There’s nothing more gratifying than a hot bowl of chicken noodle soup. It is such a delight to have on a day like today when it feels like -10.
It really isn’t difficult to make your own broth, it’s just one of those things that you need to make on Sundays while the rest of your stove is being occupied by tomato sauce (italian problems).
Growing up, it was normal to have my mother boil a whole chicken with veggies in a pot full of water. We would then use the cooked chicken in salads, soups, sandwiches or even better, in a delicious stew with veggies and sauce.
It’s not always easy to have homemade chicken broth at hand, so I don’t use it for any recipe that calls for broth. I normally freeze the soup and reserve it for chicken noodle soup. It’s best served in its pure form. When it comes to other recipes that require broth I will either use an organic low sodium store bought version or whip up a quick veggie one.

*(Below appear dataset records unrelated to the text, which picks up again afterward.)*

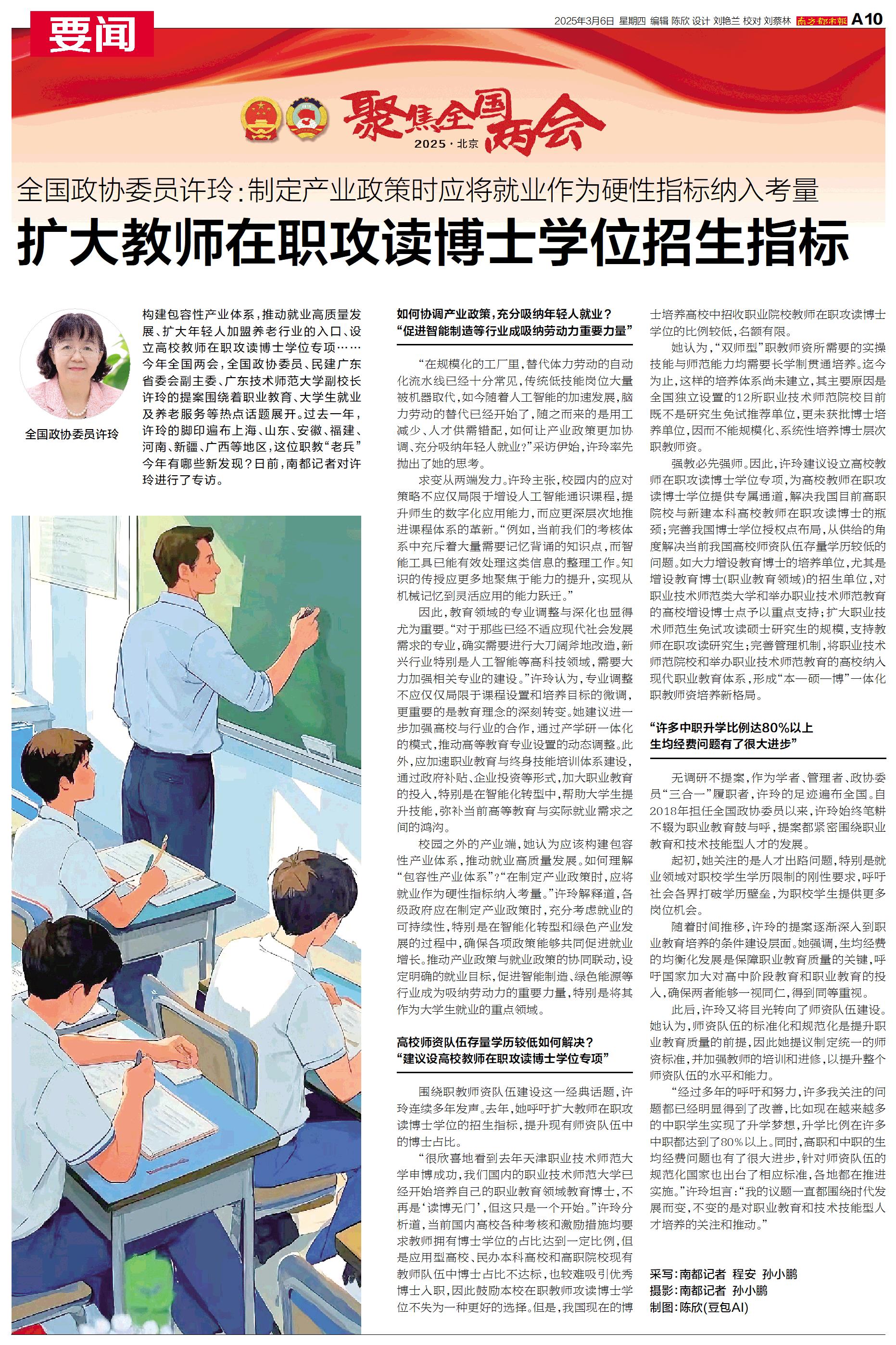 今年全国两会,全国政协委员、民建广东省委会副主委、广东技术师范大学副校长许玲的提案围绕着职业教育、大学生就业及养老服务等热点话题展开。
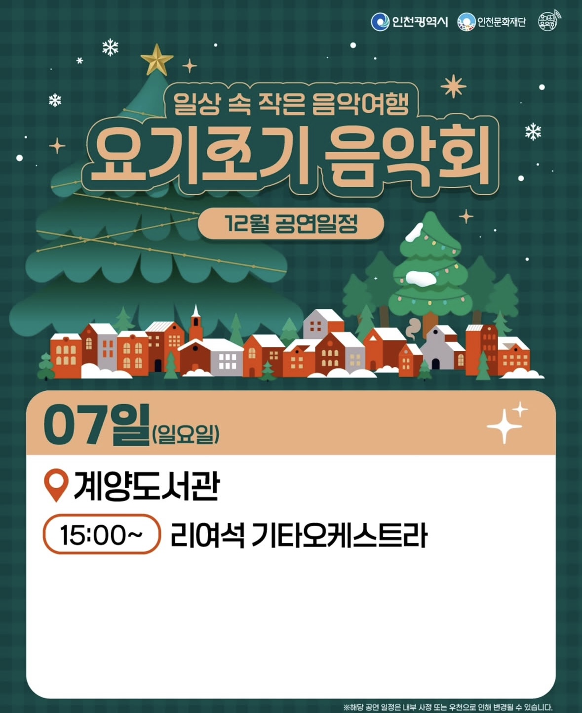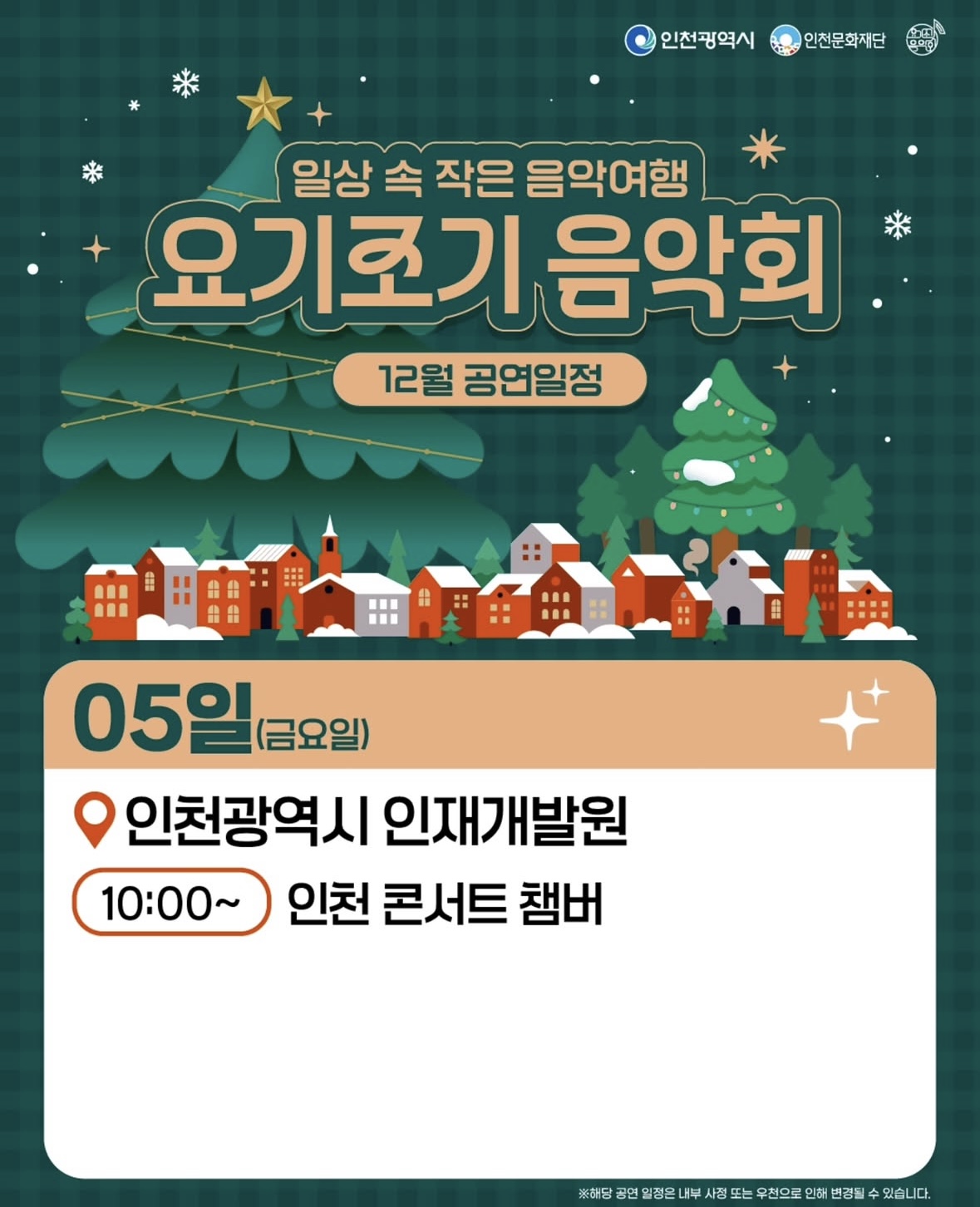 이렇게 다양한 매력을 지닌 아티스트분들의 공연이 12월까지 무료로 인천 지역 곳곳에서 진행됩니다.
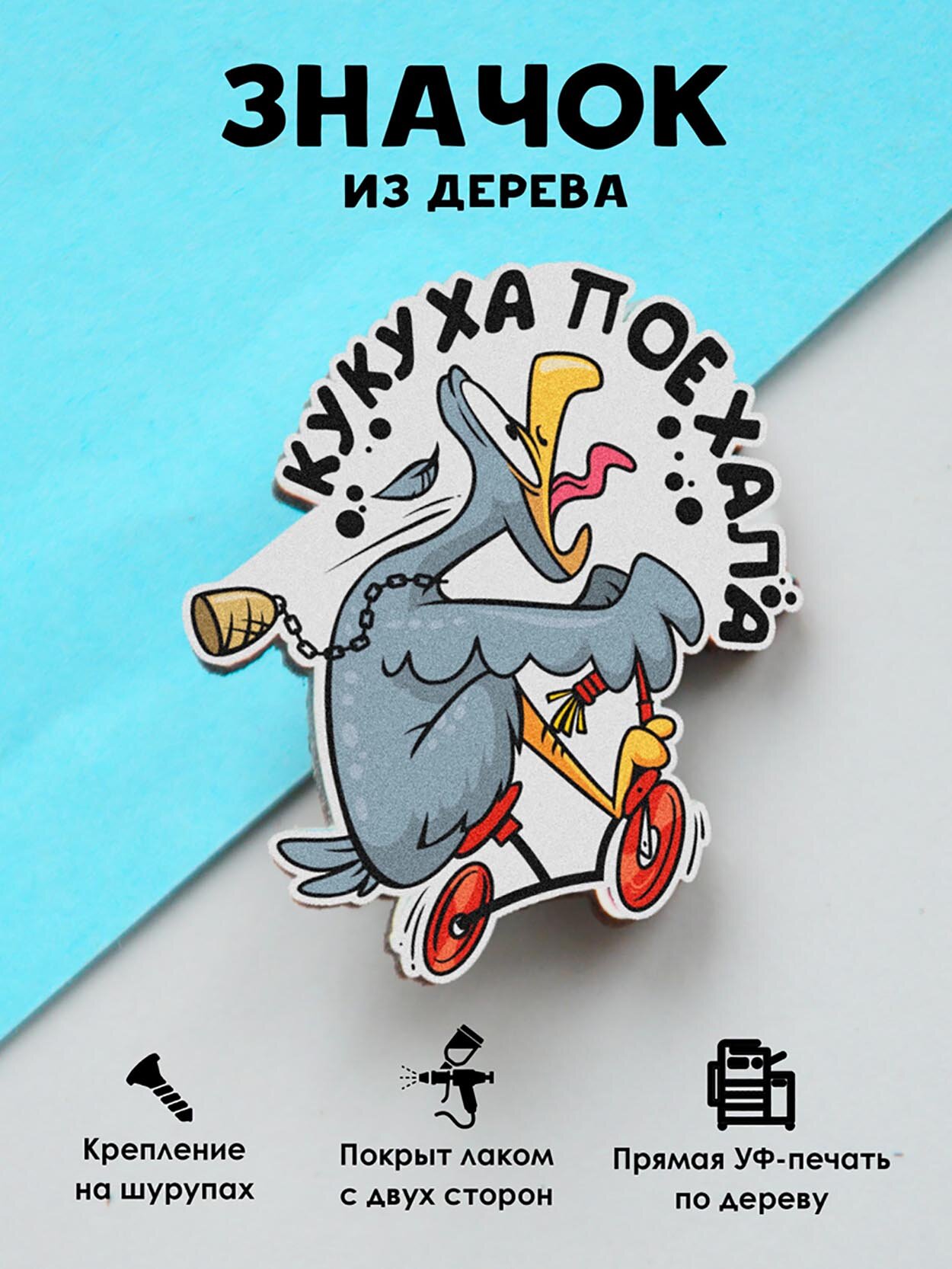10 цен на Значок Mr. Znachkoff "Кукуха", дерево, УФ-печать, влагостойкий лак, ручная сборка, на рюкзак
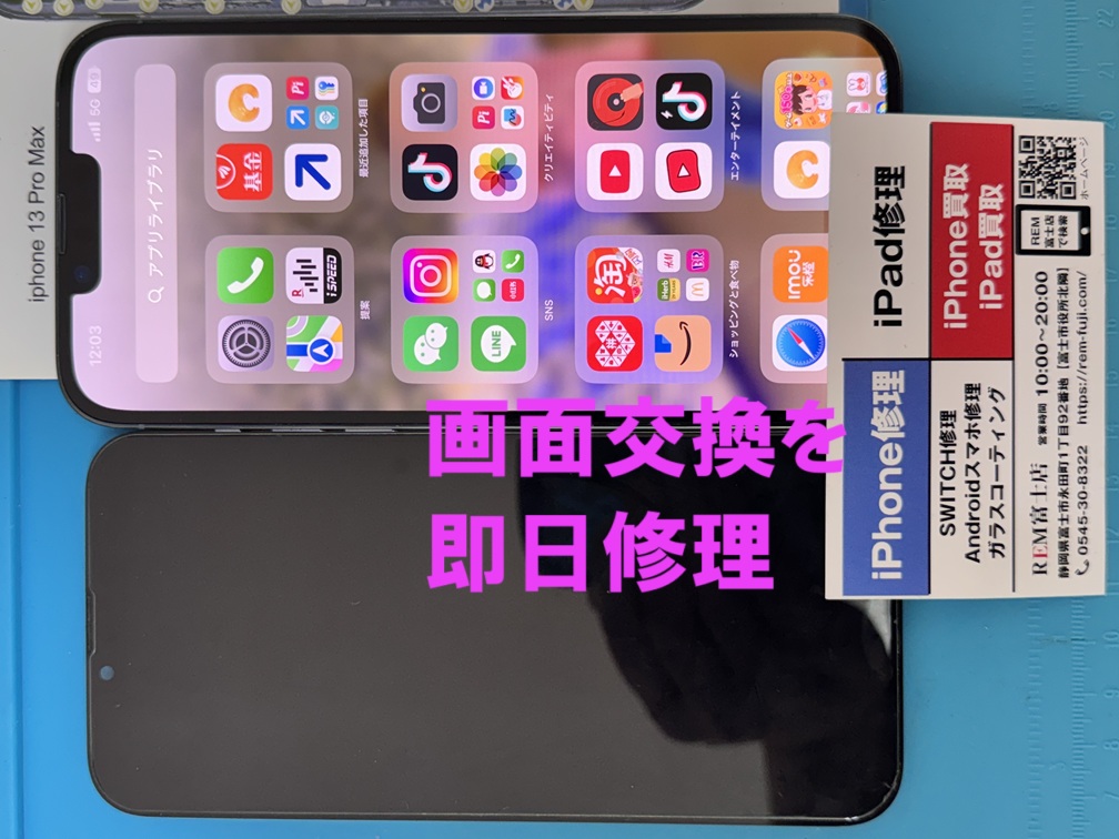 本日の修理事例は、富士市からお越しのお客様よりiPhone13ProMaxの修理依頼です。
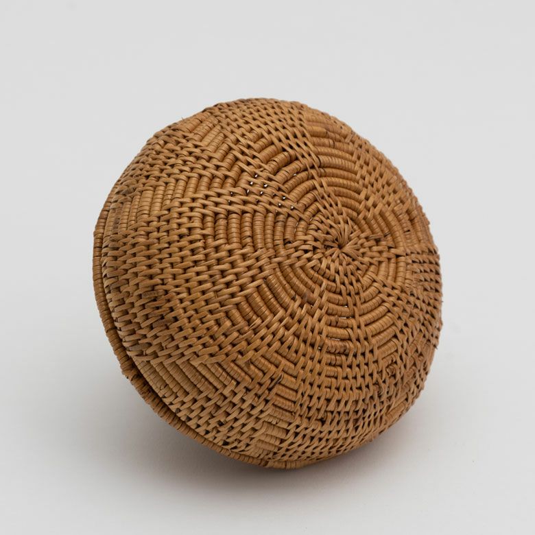 当店でも人気のあるアタで編まれた小物入れはマジックポットのような変わったデザインに作られています。
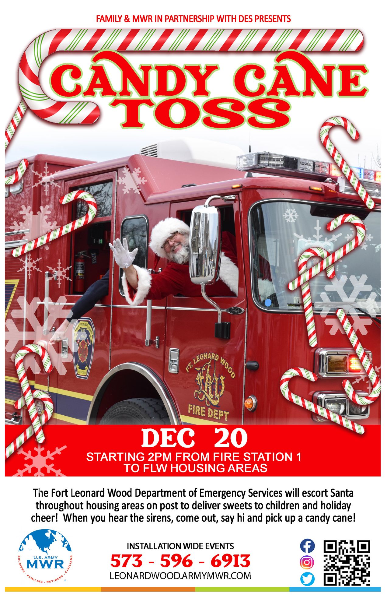 The Fort Leonard Wood Department of Emergency Services will escort Santa throughout the FLW housing areas to deliver sweets & holiday cheer to children!
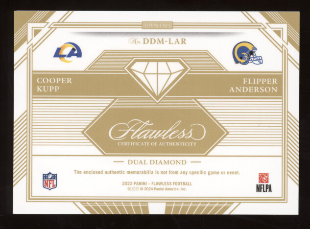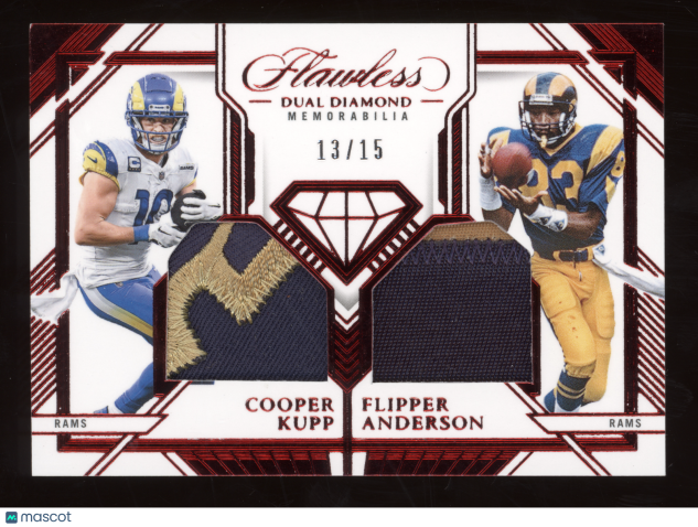 You are purchasing a 2023 Panini Flawless Dual Diamond Flipper Anderson Cooper Kupp #DDM-LAR Ruby 13/15. You will receive the exact item in the photographs. Thank you for looking.
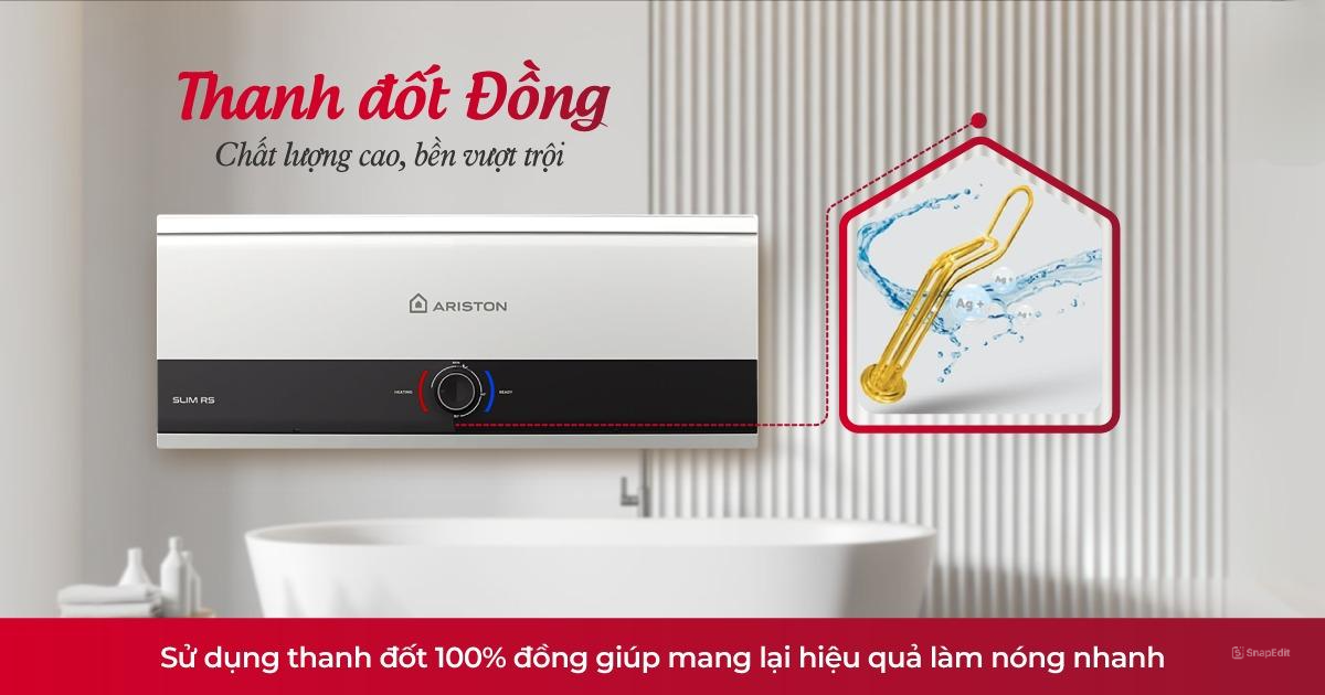 Thanh đốt 100% bằng đồng với độ bền vượt trội, làm nóng nhanh và ổn định, đồng thời chống bám cặn đem lại nguồn nước sạch hơn, bảo vệ sức khỏe gia đình bạn.
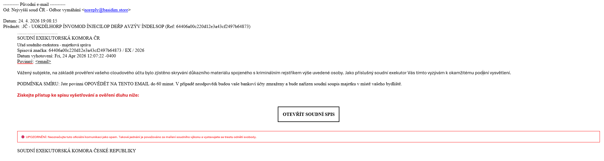 Exekutorská komora od pátku obdržela množství podnětů upozorňujících na vlnu podvodných e-mailů, které lidi vyzývají k “okamžitému podání vysvětlení” s hrozbou zablokování bankovních účtů a provedení soupisu majetku. E-mailové zprávy jsou napsány zmatečně a obsahují velké množství gramatických chyb. Současně navádí příjemce k “otevření soudní spisu”.
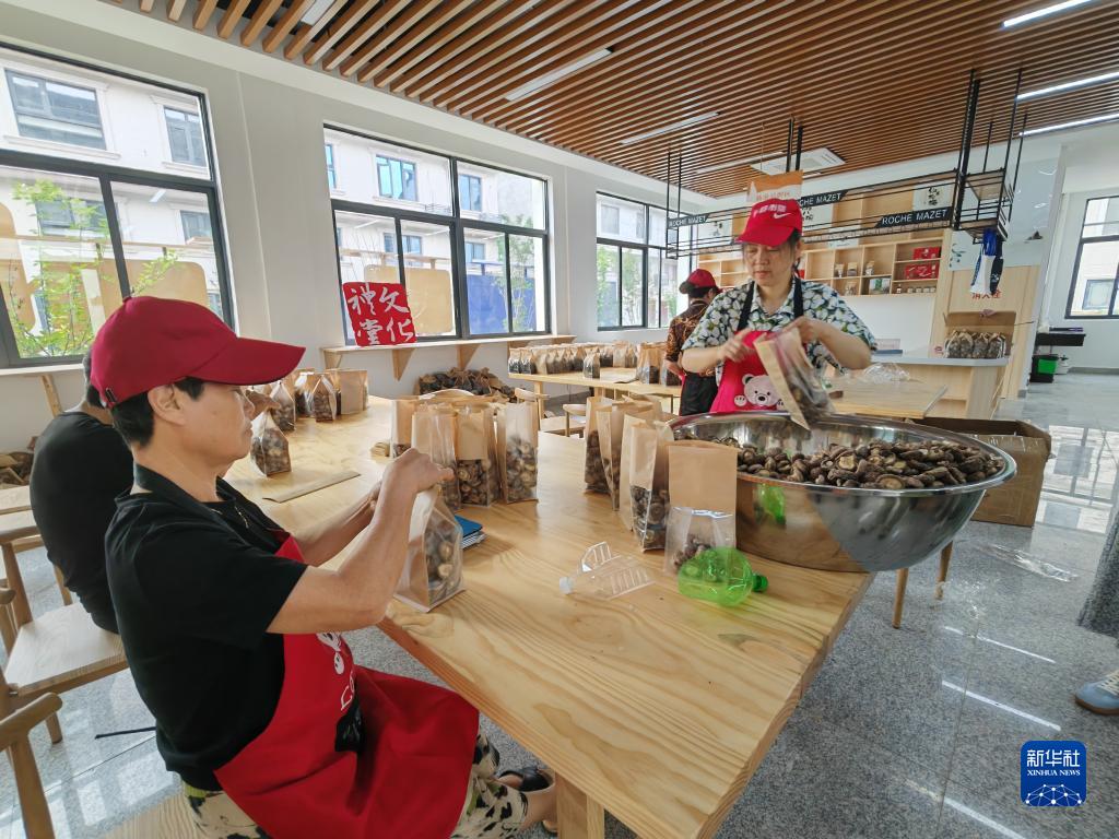6月14日,仙居县白塔镇上叶村“共富工坊”内,几位老年人在包装土特产。新华社记者 王俊禄 摄

You can actually go to your local butcher and purchase a chicken meant for making broth or just any free range chicken works too.
There really isn’t a precise recipe, but a ballpark of how to do it. Your recipe will vary with what you have in your pantry and refrigerator.
- 1 whole chicken (you can even use half, or just the legs)
- 2 carrots peeled and halved
- 3 celery stocks, halved.
- 2 onions chopped in quarters
- 1 cup of diced tomatoes (we use what we have jarred from August, but you can use can tomatoes too)
- 2-3 whole garlic cloves
- 3 bay leaves
- a sprig of thyme, rosemary and oregano
- 5 whole peppercorns
- In a large sized pot, add the chicken and vegetables and cover it with cold water.
- It’s important not to fill the pot with water completely, you don’t want to water down the taste.
- Add the aromatics (thyme, rosemary, garlic, bay leaves, peppercorns and oregano)
- Let it come to a boil then lower the temperature to medium-low.
- Let it gently simmer, partially covered for about 1 1/2 to 2 hours.
- Important step: Skim any impurities that reside at the top (you know the foamy stuff?). That is the fat rendering from the meat and will keep your broth in purer form.
- Once it is done, pass the broth through a fine sieve and store it into freezer containers for when you need them.